> **What to do**
Reproduce the entries in full. Exclude all images from the copy.

[Collected data entries]
┄┄┄┄┄┄┄┄┄┄
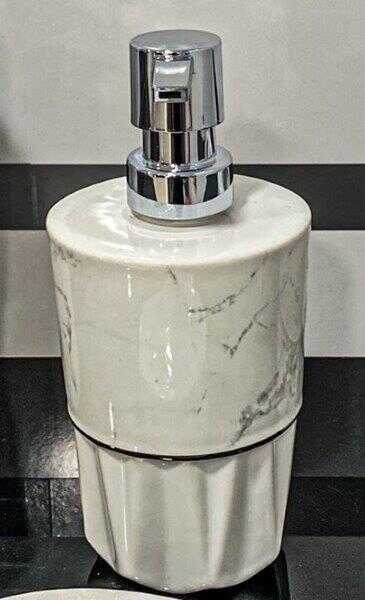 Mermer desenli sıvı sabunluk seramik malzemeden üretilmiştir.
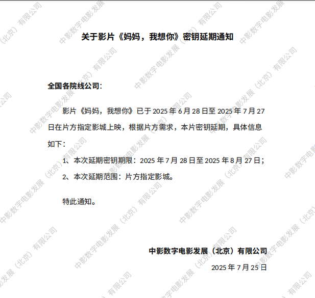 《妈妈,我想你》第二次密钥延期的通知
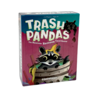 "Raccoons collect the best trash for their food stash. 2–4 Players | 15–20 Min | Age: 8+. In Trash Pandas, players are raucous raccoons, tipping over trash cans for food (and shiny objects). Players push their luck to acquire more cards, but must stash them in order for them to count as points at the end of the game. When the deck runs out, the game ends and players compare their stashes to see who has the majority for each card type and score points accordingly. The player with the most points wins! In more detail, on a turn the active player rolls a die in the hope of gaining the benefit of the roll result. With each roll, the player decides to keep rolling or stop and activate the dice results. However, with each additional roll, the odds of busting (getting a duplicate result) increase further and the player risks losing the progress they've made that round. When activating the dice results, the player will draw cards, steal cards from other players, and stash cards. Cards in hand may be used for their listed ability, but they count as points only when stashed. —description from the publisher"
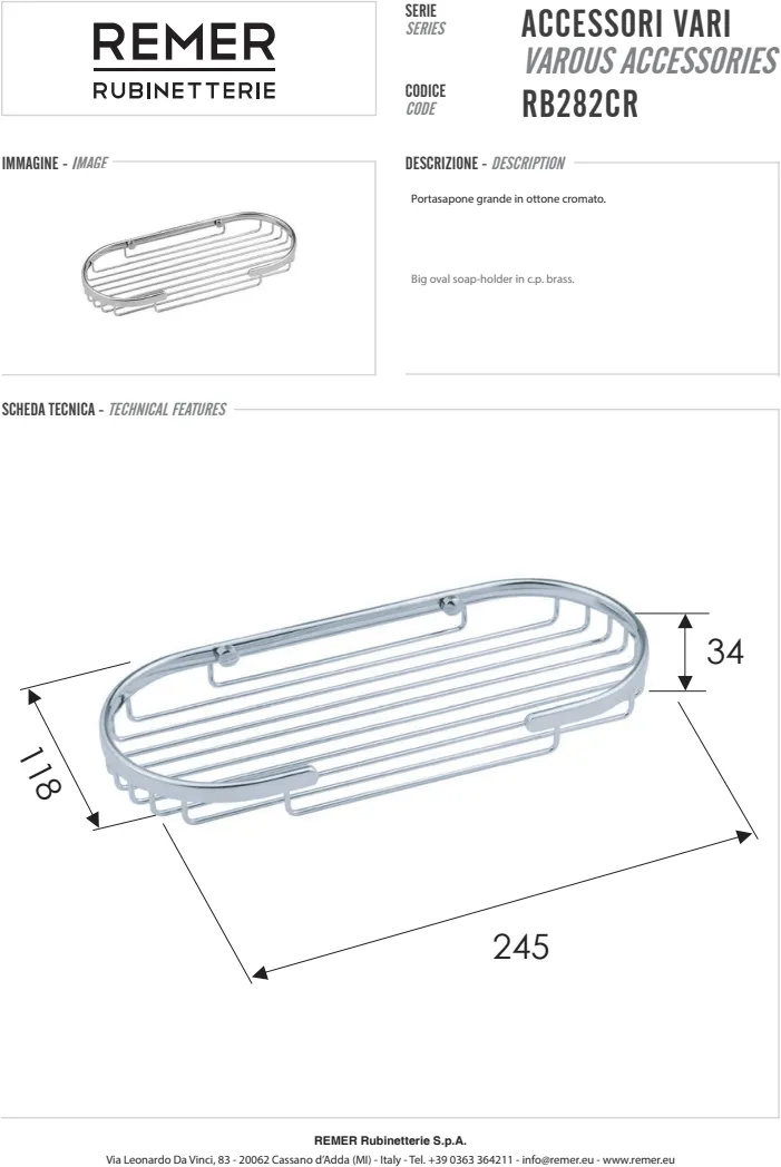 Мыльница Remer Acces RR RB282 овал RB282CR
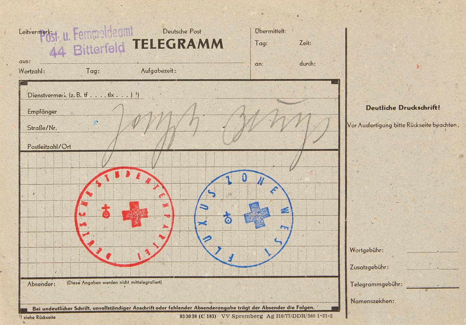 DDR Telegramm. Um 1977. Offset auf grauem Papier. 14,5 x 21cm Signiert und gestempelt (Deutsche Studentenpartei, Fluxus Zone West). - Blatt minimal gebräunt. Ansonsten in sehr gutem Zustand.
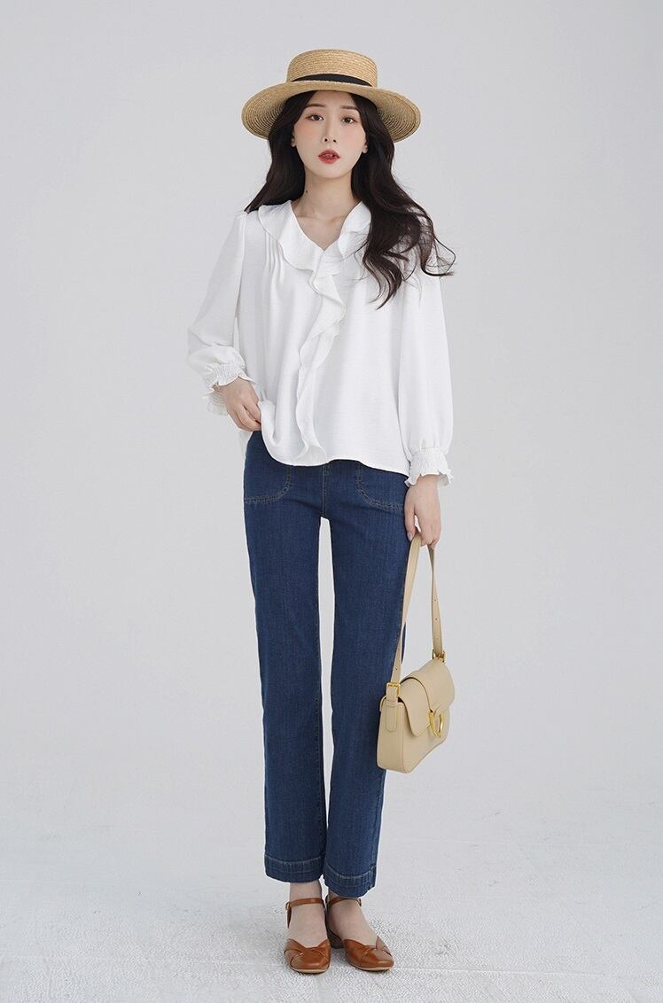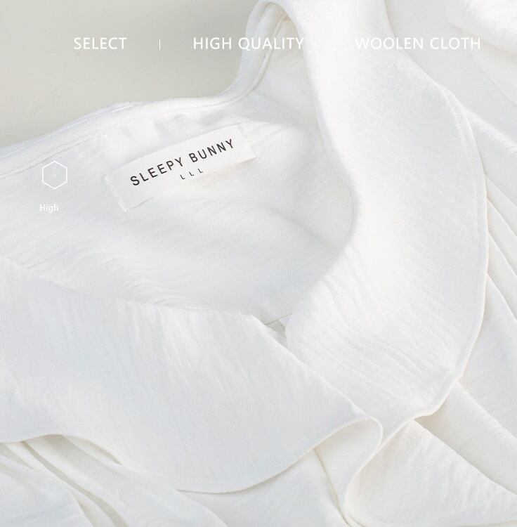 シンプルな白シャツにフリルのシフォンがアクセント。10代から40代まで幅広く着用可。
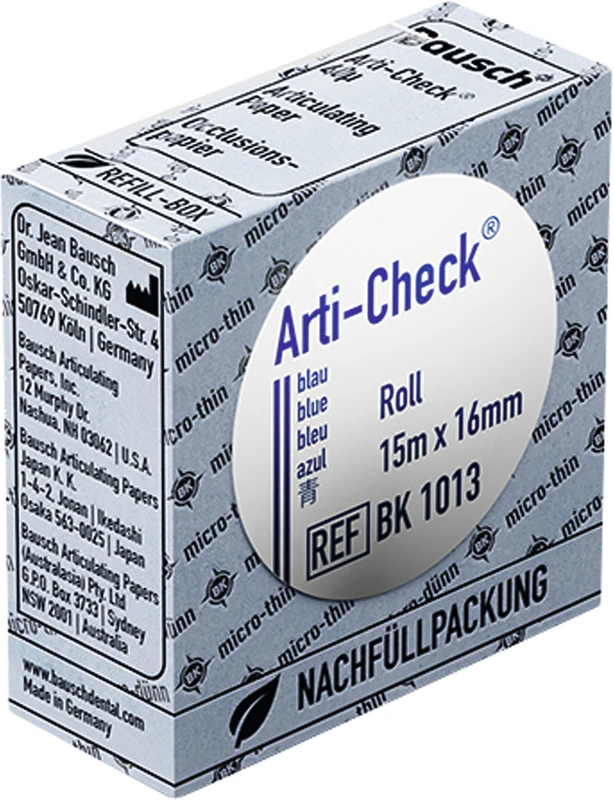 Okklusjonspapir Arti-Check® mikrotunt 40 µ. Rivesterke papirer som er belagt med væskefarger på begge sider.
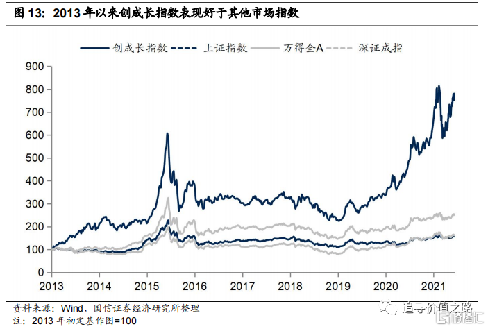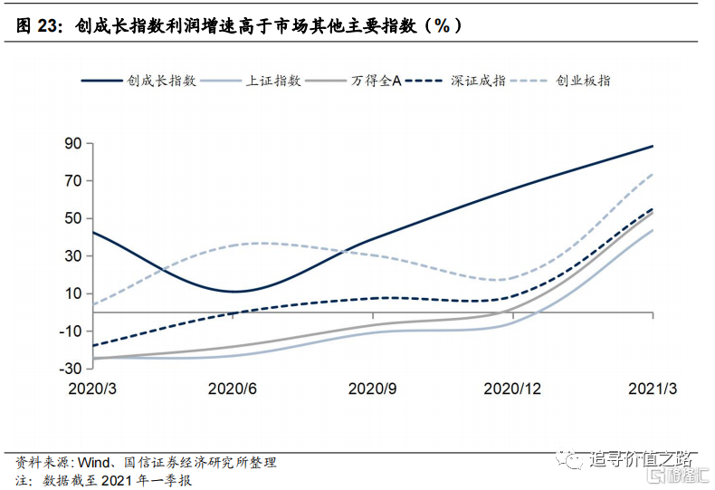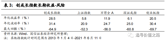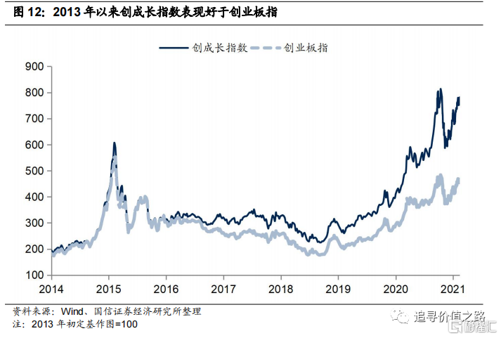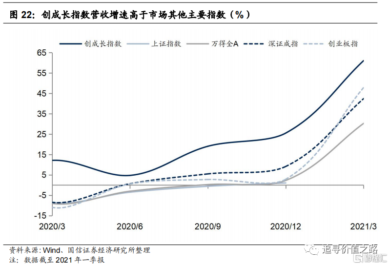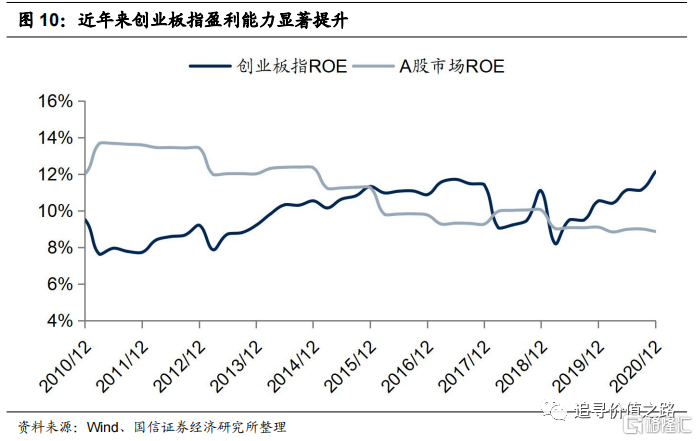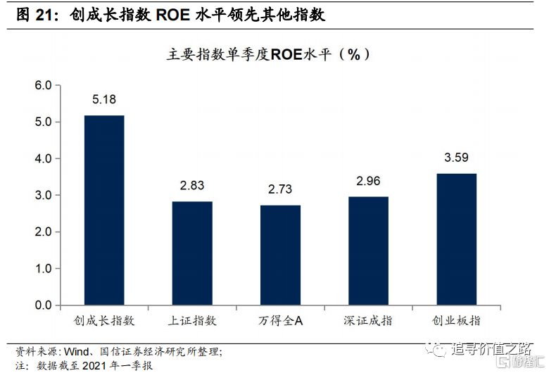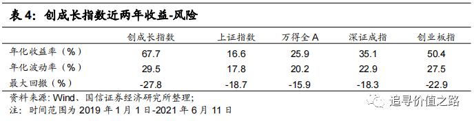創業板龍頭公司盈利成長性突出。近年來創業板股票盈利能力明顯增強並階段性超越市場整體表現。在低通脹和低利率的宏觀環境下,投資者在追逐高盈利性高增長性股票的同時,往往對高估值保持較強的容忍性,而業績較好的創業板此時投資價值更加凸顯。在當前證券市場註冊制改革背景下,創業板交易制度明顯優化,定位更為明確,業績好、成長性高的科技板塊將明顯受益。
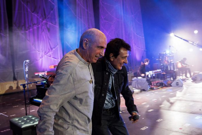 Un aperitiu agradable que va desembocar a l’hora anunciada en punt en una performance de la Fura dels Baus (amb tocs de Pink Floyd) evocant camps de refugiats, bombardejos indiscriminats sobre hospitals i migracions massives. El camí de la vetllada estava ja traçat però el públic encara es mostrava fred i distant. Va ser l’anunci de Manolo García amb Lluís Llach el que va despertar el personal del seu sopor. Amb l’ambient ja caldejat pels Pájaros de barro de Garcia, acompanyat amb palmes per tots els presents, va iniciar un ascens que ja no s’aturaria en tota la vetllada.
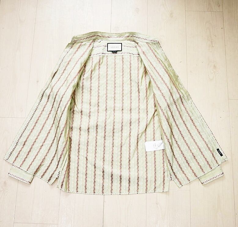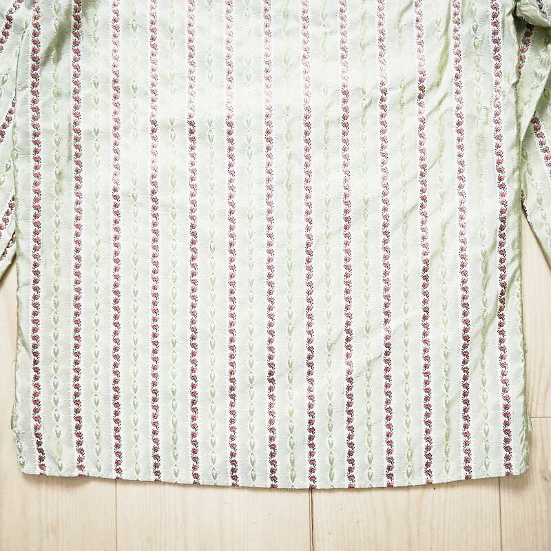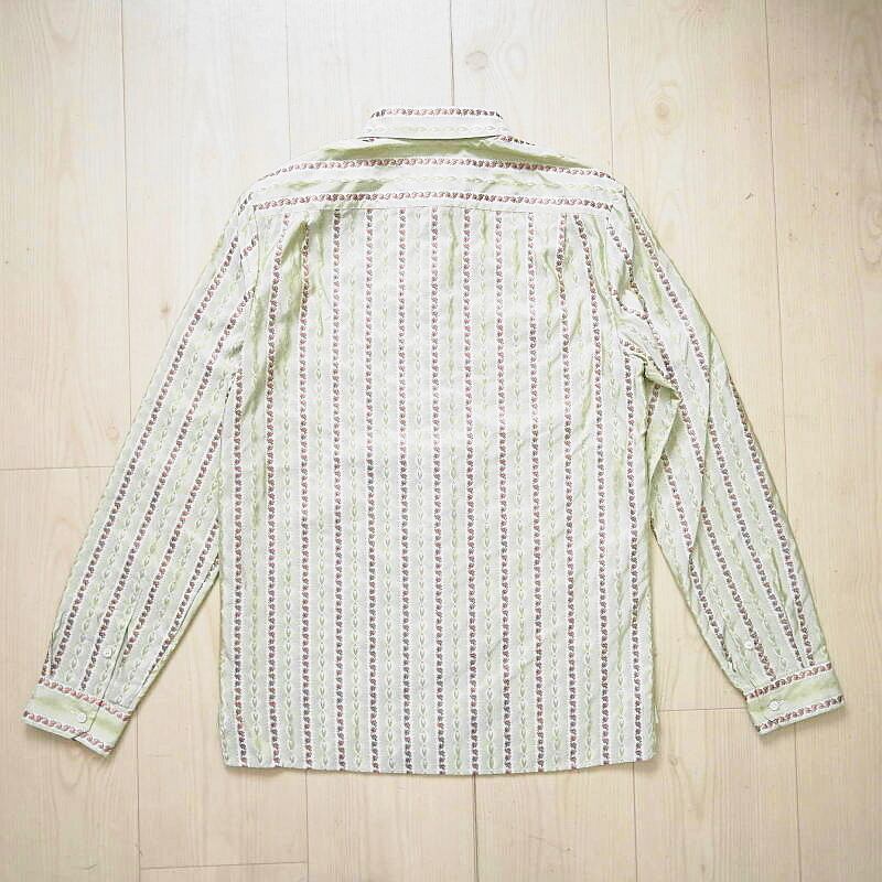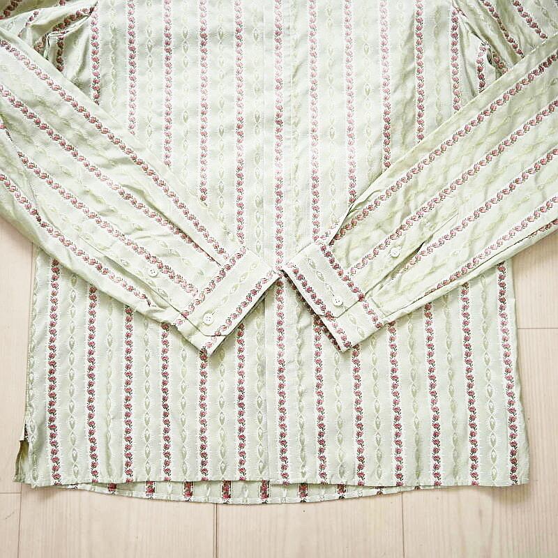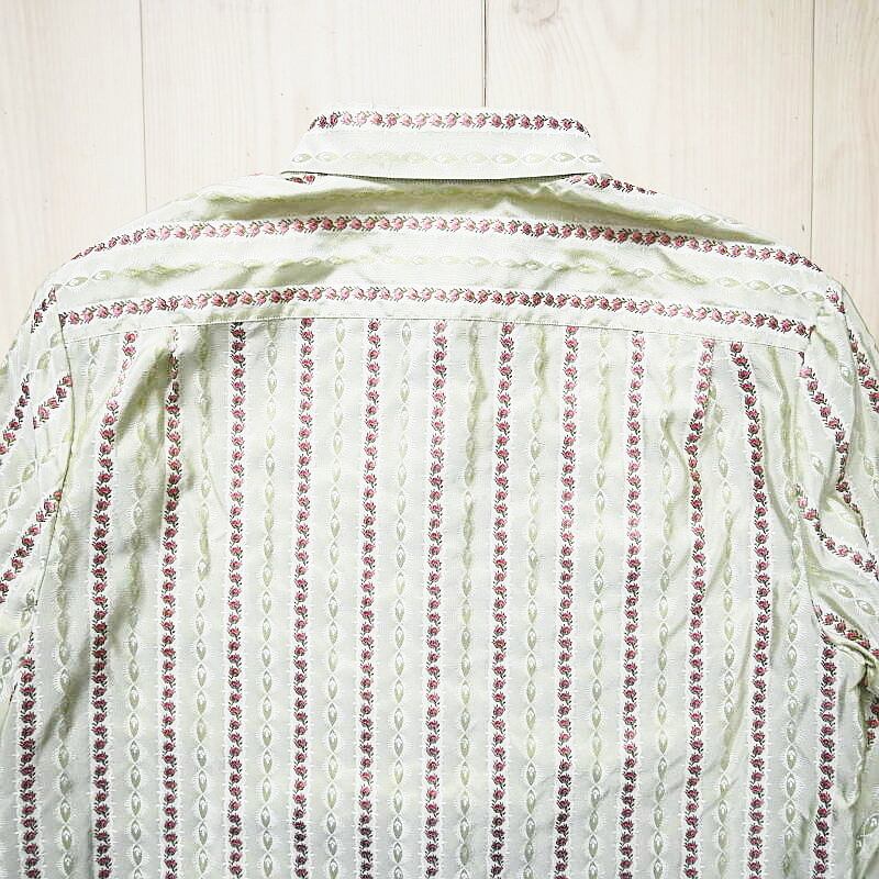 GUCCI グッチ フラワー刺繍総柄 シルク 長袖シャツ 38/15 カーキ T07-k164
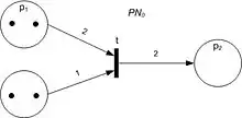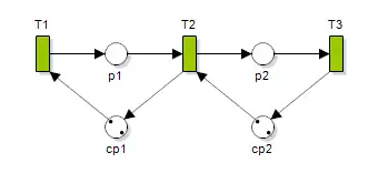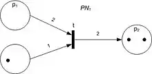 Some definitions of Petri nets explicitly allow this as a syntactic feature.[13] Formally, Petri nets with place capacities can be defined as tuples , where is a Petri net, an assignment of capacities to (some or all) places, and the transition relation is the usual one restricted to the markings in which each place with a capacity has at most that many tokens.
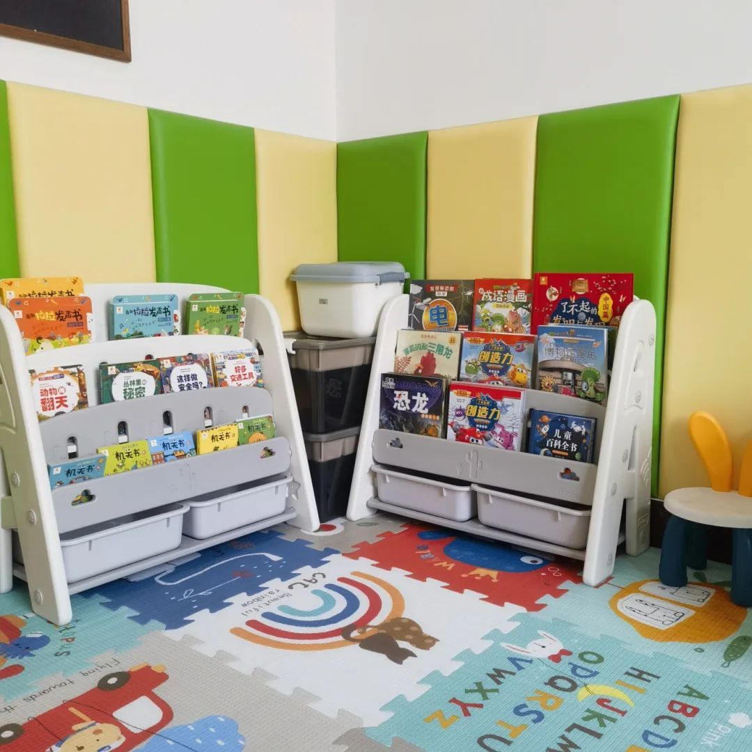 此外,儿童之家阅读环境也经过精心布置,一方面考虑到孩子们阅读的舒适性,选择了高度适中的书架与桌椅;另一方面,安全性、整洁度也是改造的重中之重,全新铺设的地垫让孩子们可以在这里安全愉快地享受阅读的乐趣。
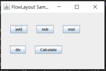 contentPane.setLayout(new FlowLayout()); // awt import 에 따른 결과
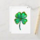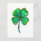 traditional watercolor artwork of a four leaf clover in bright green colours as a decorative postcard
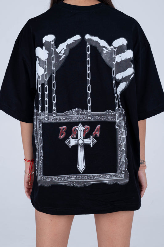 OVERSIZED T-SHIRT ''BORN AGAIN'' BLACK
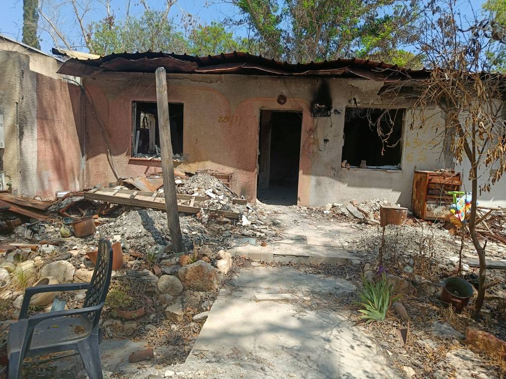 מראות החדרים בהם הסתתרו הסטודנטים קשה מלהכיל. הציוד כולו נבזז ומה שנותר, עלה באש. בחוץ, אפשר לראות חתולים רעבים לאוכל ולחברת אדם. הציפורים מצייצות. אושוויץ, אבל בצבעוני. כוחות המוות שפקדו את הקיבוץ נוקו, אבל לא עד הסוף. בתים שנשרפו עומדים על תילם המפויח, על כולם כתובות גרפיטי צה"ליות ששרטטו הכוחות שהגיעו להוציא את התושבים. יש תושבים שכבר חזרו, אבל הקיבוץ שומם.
┄┄┄┄┄┄┄┄┄┄
> **Task response**
 Mermer desenli sıvı sabunluk seramik malzemeden üretilmiştir.
 《妈妈,我想你》第二次密钥延期的通知
 "Raccoons collect the best trash for their food stash. 2–4 Players | 15–20 Min | Age: 8+. In Trash Pandas, players are raucous raccoons, tipping over trash cans for food (and shiny objects). Players push their luck to acquire more cards, but must stash them in order for them to count as points at the end of the game. When the deck runs out, the game ends and players compare their stashes to see who has the majority for each card type and score points accordingly. The player with the most points wins! In more detail, on a turn the active player rolls a die in the hope of gaining the benefit of the roll result. With each roll, the player decides to keep rolling or stop and activate the dice results. However, with each additional roll, the odds of busting (getting a duplicate result) increase further and the player risks losing the progress they've made that round. When activating the dice results, the player will draw cards, steal cards from other players, and stash cards. Cards in hand may be used for their listed ability, but they count as points only when stashed. —description from the publisher"
 Мыльница Remer Acces RR RB282 овал RB282CR
 DDR Telegramm. Um 1977. Offset auf grauem Papier. 14,5 x 21cm Signiert und gestempelt (Deutsche Studentenpartei, Fluxus Zone West). - Blatt minimal gebräunt. Ansonsten in sehr gutem Zustand.
 シンプルな白シャツにフリルのシフォンがアクセント。10代から40代まで幅広く着用可。
 Okklusjonspapir Arti-Check® mikrotunt 40 µ. Rivesterke papirer som er belagt med væskefarger på begge sider.
創業板龍頭公司盈利成長性突出。近年來創業板股票盈利能力明顯增強並階段性超越市場整體表現。在低通脹和低利率的宏觀環境下,投資者在追逐高盈利性高增長性股票的同時,往往對高估值保持較強的容忍性,而業績較好的創業板此時投資價值更加凸顯。在當前證券市場註冊制改革背景下,創業板交易制度明顯優化,定位更為明確,業績好、成長性高的科技板塊將明顯受益。
 Un aperitiu agradable que va desembocar a l’hora anunciada en punt en una performance de la Fura dels Baus (amb tocs de Pink Floyd) evocant camps de refugiats, bombardejos indiscriminats sobre hospitals i migracions massives. El camí de la vetllada estava ja traçat però el públic encara es mostrava fred i distant. Va ser l’anunci de Manolo García amb Lluís Llach el que va despertar el personal del seu sopor. Amb l’ambient ja caldejat pels Pájaros de barro de Garcia, acompanyat amb palmes per tots els presents, va iniciar un ascens que ja no s’aturaria en tota la vetllada.
 GUCCI グッチ フラワー刺繍総柄 シルク 長袖シャツ 38/15 カーキ T07-k164
 Some definitions of Petri nets explicitly allow this as a syntactic feature.[13] Formally, Petri nets with place capacities can be defined as tuples , where is a Petri net, an assignment of capacities to (some or all) places, and the transition relation is the usual one restricted to the markings in which each place with a capacity has at most that many tokens.
 此外,儿童之家阅读环境也经过精心布置,一方面考虑到孩子们阅读的舒适性,选择了高度适中的书架与桌椅;另一方面,安全性、整洁度也是改造的重中之重,全新铺设的地垫让孩子们可以在这里安全愉快地享受阅读的乐趣。
 contentPane.setLayout(new FlowLayout()); // awt import 에 따른 결과
 traditional watercolor artwork of a four leaf clover in bright green colours as a decorative postcard
 OVERSIZED T-SHIRT ''BORN AGAIN'' BLACK
 מראות החדרים בהם הסתתרו הסטודנטים קשה מלהכיל. הציוד כולו נבזז ומה שנותר, עלה באש. בחוץ, אפשר לראות חתולים רעבים לאוכל ולחברת אדם. הציפורים מצייצות. אושוויץ, אבל בצבעוני. כוחות המוות שפקדו את הקיבוץ נוקו, אבל לא עד הסוף. בתים שנשרפו עומדים על תילם המפויח, על כולם כתובות גרפיטי צה"ליות ששרטטו הכוחות שהגיעו להוציא את התושבים. יש תושבים שכבר חזרו, אבל הקיבוץ שומם.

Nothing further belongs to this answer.